## Task details
Copy the listing that follows exactly. Its pictures do not belong in the copy.

## Input data
──────

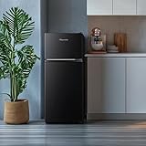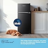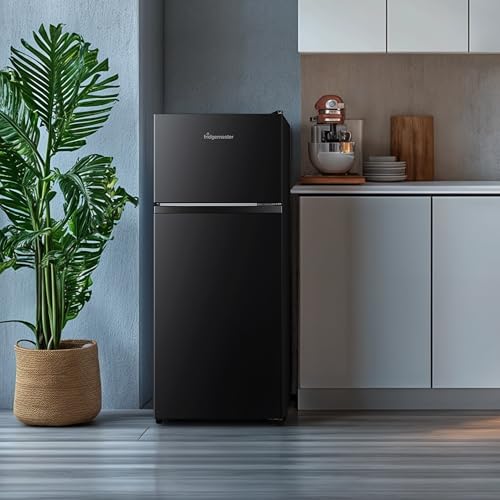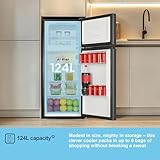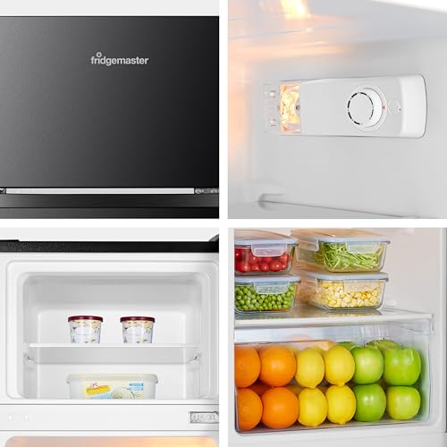 Fridgemaster MTM48120EB 48cm Freestanding Top Mounted Fridge Freezer - 124-Litre Capacity with Adjustable Thermostat - Reversible Door - LED Lighting - 4 Star Freezer Rating - White - E Rated
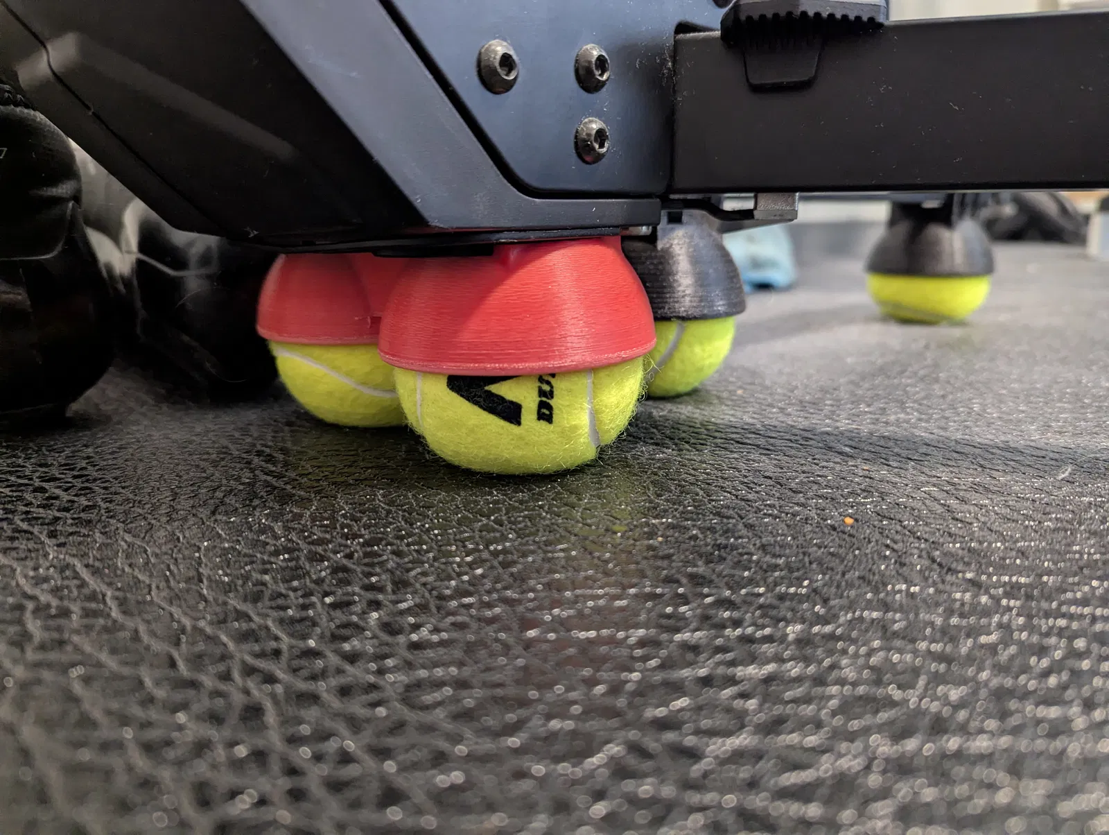 Thiết kế lại Tennis Ball Feet cho Elite Suito để gắn vào hai lỗ gần chân cao su phía sau. In PETG (7 walls, 0.5mm line width, 50% infill), tháo 3 miếng cao su zin trước khi lắp; dùng tự chịu rủi ro.
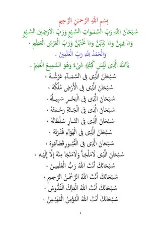 ِْﺴ��اﻟﺮ ِﻦٰـﲪِﲓِﺣ ٰﻤ �ﺴﻟا ِّبَر ِ ��ا َﺎنَ�ْﺒ ُ�ﺳِﻊْﺒ ��ﺴﻟا َﲔ ِﺿَرَﻻا ِّبَرَو ِﻊْﺒ ��ﺴﻟا ِاتَـﻮ ِﲓِﻈَﻌْﻟا ِشْﺮَﻌْﻟا ِّبَرَو �ﻦُ َﳤَْﲢ ﺎَﻣَو �ﻦُ َﳯْيَﺑ ﺎَﻣَو �ﻦِﳱِﻓ ﺎَﻣَو، ٰﻌْﻟا ِّبَر ِ � ِ� ُﺪْﻤَﺤْﻟاَوَﲔِﻤَﻠ. َﻳٓآُﷲِ ��اىٖ ِ�ْﺜَِﳈ َﺲْيَﻟْ َﳽيِﻤ �ﺴﻟا َُﻮﻫَو ٌءـُﲓِﻠَﻌْﻟا ُﻊ. ِﰱ ىِ ��ا َﺎنَ�ْﺒ ُ�ﺳَﻤ �ﺴﻟاـٓآِءُﺷْﺮَﻋـُﻪ، َﺎنَ�ْﺒ ُ�ﺳِضْر� ْ�ا ِﰱ ىِ ��اُﻜْﻠُﻣُﻪ، َﺎنَ�ْﺒ ُ�ﺳِﰱ ىِ ��اْﻟاْﺤَﺒــِﺮيِﺒ َ�ﺳـُُ�، َﺎنَ�ْﺒ ُ�ﺳَﺠۡﻟا ِﰱ ىِ ��اـِﺔ�ﻨْﺣَرـُﺘَﻤُﻪ، َﺎنَ�ْﺒ ُ�ﺳِﰱ ىِ ��اِرـﺎ�ناﻟُﻧﺎَﻄْﻠ ُﺳُﻪ، َﺎنَ�ْﺒ ُ�ﺳِﰱ ىِ ��اََﻮﻬْﻟآآُﺗَرْﺪُﻗ ِءُﻪ، َﺎنَ�ْﺒ ُ�ﺳْﻟا ِﰱ ىِ ��اُﻘُبــِرﻮَﻀَﻗٓآوُءُﻩ، ا َﺎنَ�ْﺒ ُ�ﺳَﺠْﻠَﻣ َﻻ ىِ ����أَ�ْنَﻣ َﻻَوْيَﻟ � ا �ﻻ � ا ُﻪْنِﻣ ﺎـِﻪ، َﻧﺎَ�ْﺒ ُ�ﺳَﻚَﺖْﻧ�أُﷲَر�بَيـﻦِﻤَﻠٰﻌْﻟا، َﻧﺎَ�ْﺒ ُ�ﺳَﻚَﺖْﻧ�أُﷲ�اﻟﺮٰ ْﲪُـﻦ�اﻟﺮِ�ﲓِﺣ، َﻧﺎَ�ْﺒ ُ�ﺳَﻚَﺖْﻧ�أُﷲُوس�ﺪُﻘْﻟا ُ ِ�َﻤْﻟا، َﻧﺎَ�ْﺒ ُ�ﺳَﻚَﺖْﻧ�أُﷲْيَﻬُﻤْﻟا ُﻦِﻣْﺆُﻤْﻟاـُﻦِﻤ،

──────

## The answer
 Fridgemaster MTM48120EB 48cm Freestanding Top Mounted Fridge Freezer - 124-Litre Capacity with Adjustable Thermostat - Reversible Door - LED Lighting - 4 Star Freezer Rating - White - E Rated
 Thiết kế lại Tennis Ball Feet cho Elite Suito để gắn vào hai lỗ gần chân cao su phía sau. In PETG (7 walls, 0.5mm line width, 50% infill), tháo 3 miếng cao su zin trước khi lắp; dùng tự chịu rủi ro.
 ِْﺴ��اﻟﺮ ِﻦٰـﲪِﲓِﺣ ٰﻤ �ﺴﻟا ِّبَر ِ ��ا َﺎنَ�ْﺒ ُ�ﺳِﻊْﺒ ��ﺴﻟا َﲔ ِﺿَرَﻻا ِّبَرَو ِﻊْﺒ ��ﺴﻟا ِاتَـﻮ ِﲓِﻈَﻌْﻟا ِشْﺮَﻌْﻟا ِّبَرَو �ﻦُ َﳤَْﲢ ﺎَﻣَو �ﻦُ َﳯْيَﺑ ﺎَﻣَو �ﻦِﳱِﻓ ﺎَﻣَو، ٰﻌْﻟا ِّبَر ِ � ِ� ُﺪْﻤَﺤْﻟاَوَﲔِﻤَﻠ. َﻳٓآُﷲِ ��اىٖ ِ�ْﺜَِﳈ َﺲْيَﻟْ َﳽيِﻤ �ﺴﻟا َُﻮﻫَو ٌءـُﲓِﻠَﻌْﻟا ُﻊ. ِﰱ ىِ ��ا َﺎنَ�ْﺒ ُ�ﺳَﻤ �ﺴﻟاـٓآِءُﺷْﺮَﻋـُﻪ، َﺎنَ�ْﺒ ُ�ﺳِضْر� ْ�ا ِﰱ ىِ ��اُﻜْﻠُﻣُﻪ، َﺎنَ�ْﺒ ُ�ﺳِﰱ ىِ ��اْﻟاْﺤَﺒــِﺮيِﺒ َ�ﺳـُُ�، َﺎنَ�ْﺒ ُ�ﺳَﺠۡﻟا ِﰱ ىِ ��اـِﺔ�ﻨْﺣَرـُﺘَﻤُﻪ، َﺎنَ�ْﺒ ُ�ﺳِﰱ ىِ ��اِرـﺎ�ناﻟُﻧﺎَﻄْﻠ ُﺳُﻪ، َﺎنَ�ْﺒ ُ�ﺳِﰱ ىِ ��اََﻮﻬْﻟآآُﺗَرْﺪُﻗ ِءُﻪ، َﺎنَ�ْﺒ ُ�ﺳْﻟا ِﰱ ىِ ��اُﻘُبــِرﻮَﻀَﻗٓآوُءُﻩ، ا َﺎنَ�ْﺒ ُ�ﺳَﺠْﻠَﻣ َﻻ ىِ ����أَ�ْنَﻣ َﻻَوْيَﻟ � ا �ﻻ � ا ُﻪْنِﻣ ﺎـِﻪ، َﻧﺎَ�ْﺒ ُ�ﺳَﻚَﺖْﻧ�أُﷲَر�بَيـﻦِﻤَﻠٰﻌْﻟا، َﻧﺎَ�ْﺒ ُ�ﺳَﻚَﺖْﻧ�أُﷲ�اﻟﺮٰ ْﲪُـﻦ�اﻟﺮِ�ﲓِﺣ، َﻧﺎَ�ْﺒ ُ�ﺳَﻚَﺖْﻧ�أُﷲُوس�ﺪُﻘْﻟا ُ ِ�َﻤْﻟا، َﻧﺎَ�ْﺒ ُ�ﺳَﻚَﺖْﻧ�أُﷲْيَﻬُﻤْﻟا ُﻦِﻣْﺆُﻤْﻟاـُﻦِﻤ،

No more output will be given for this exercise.